Последний раз Фаина Георгиевна отдыхала вместе с Павлой Леонтьевной во Внуково летом 1958 года. Фуфа сняла для бабушки комнату и террасу на даче напротив Прутов; моя мама и Фуфа бывали во Внуково наездами.
В одну из редких театральных пауз они привезли с собой нашего обожаемого сиамского кота Тики, попавшего к нам тем же путем, что и альбом Ива Монтана — от С.В. Образцова, который жил на другой внуковской улице и разводил в СССР Ива Монтана и сиамских котов. Короткий отдых кончился драматически: кот моментально исчез, и убитая горем мама несколько последних дней отпуска ходила по дачным улочкам, призывая беглеца: «Тики, Тики!» Кота обнаружили на седьмой день рядом с дачей. Мерзавец никуда не уходил, а сидел в кустах, внимательно наблюдая за мамиными мучениями, которые прерывались лишь беспощадной критикой Фаины Георгиевны в адрес всего сущего. В архиве Раневской в ЦГАЛИ есть большая фотография Тики, которую я подарил Фаине Георгиевне. На обороте она написала: «Я его страстно любила, называла Кон-Тики, он недавно умер».

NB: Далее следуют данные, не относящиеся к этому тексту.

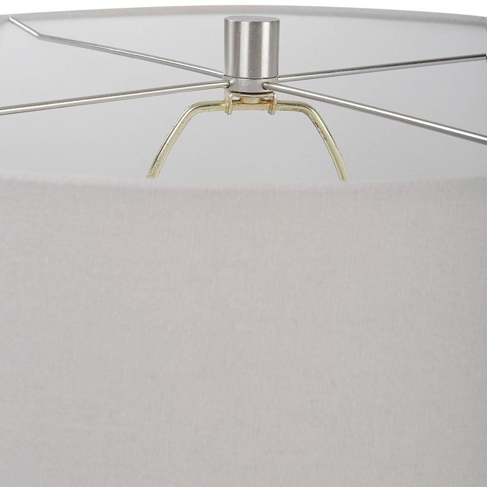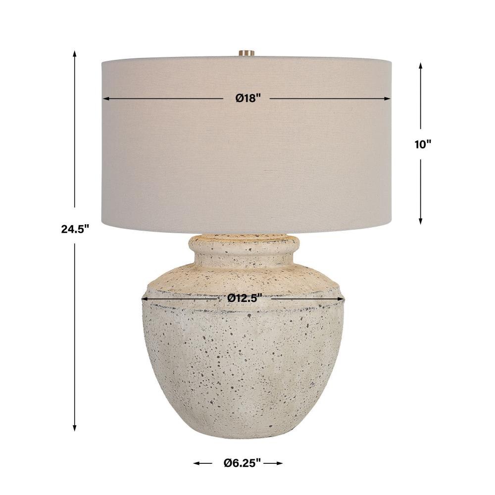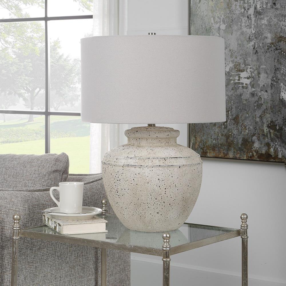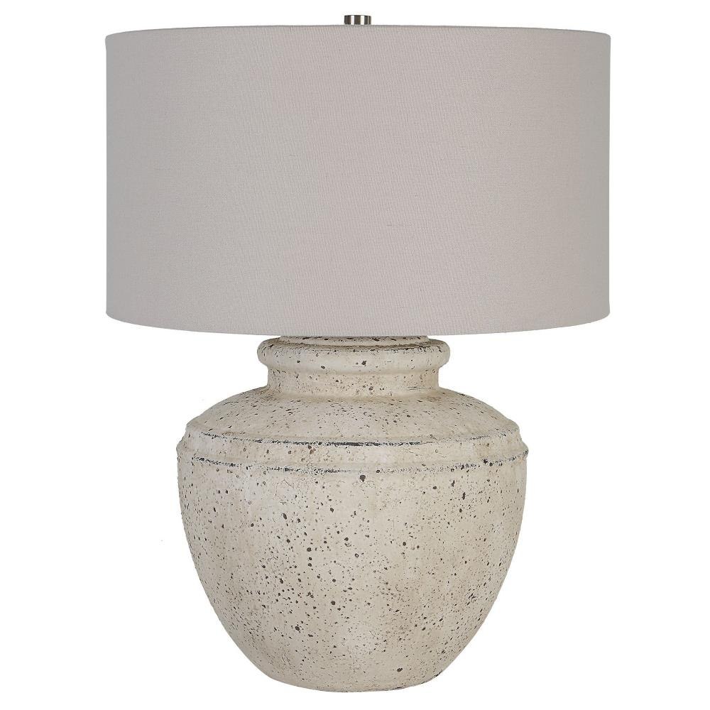 Inspired By Antique Pottery, This Ceramic Table Lamp Features An Aged Stone Finish With Character Distressing And Dark Undertones, Accented With Plated Brushed Nickel Details. The Drum Shade Is Covered In A Light Gray Linen Fabric.
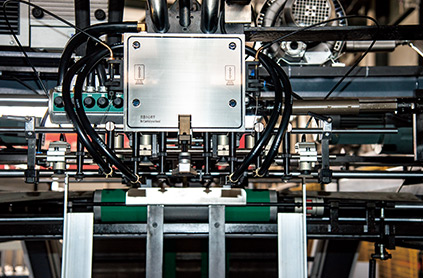 本機(jī)可根據(jù)紙張的尺寸,調(diào)整主機(jī)與給紙系統(tǒng)的轉(zhuǎn)速差,使主機(jī)在盡量低速的運(yùn)轉(zhuǎn)狀況下完成紙張貼合。在關(guān)于面紙的超前量控制方面,該機(jī)更是可以方便地通過(guò)人機(jī)界面輸入所需要的面紙超前數(shù)據(jù)即可完成調(diào)整工作,而不需要傳統(tǒng)繁雜的機(jī)械操作。

Жестокость времени, окружающая нищета и постоянный страх сделали невыносимо трудной жизнь Фаины Георгиевны и Павлы Леонтьевны. Они находили забвение и отраду в дорогих им вещах, книгах, музыке — культуре XIX века. Много раз я слышал их возгласы: «Хочу в прошлый век!»
Раневская любила природу средней полосы России, покорившую Чехова и Левитана, и все пыталась писать акварелью сама стволы деревьев, пруд и дождливое пасмурное небо. Пушкинское «наше северное лето — карикатура южных зим» было ей дороже солнечных полотен мастеров «победившего соцреализма». Поэтому, наверное, она так часто возила нас в Серебряный бор, в Комарово, любила дубовые рощи и овраг во Внуково. Там она гуляла с Павлой Леонтьевной по дорожкам, и они вместе смотрели на зелено-красную церковь у деревни Изварино.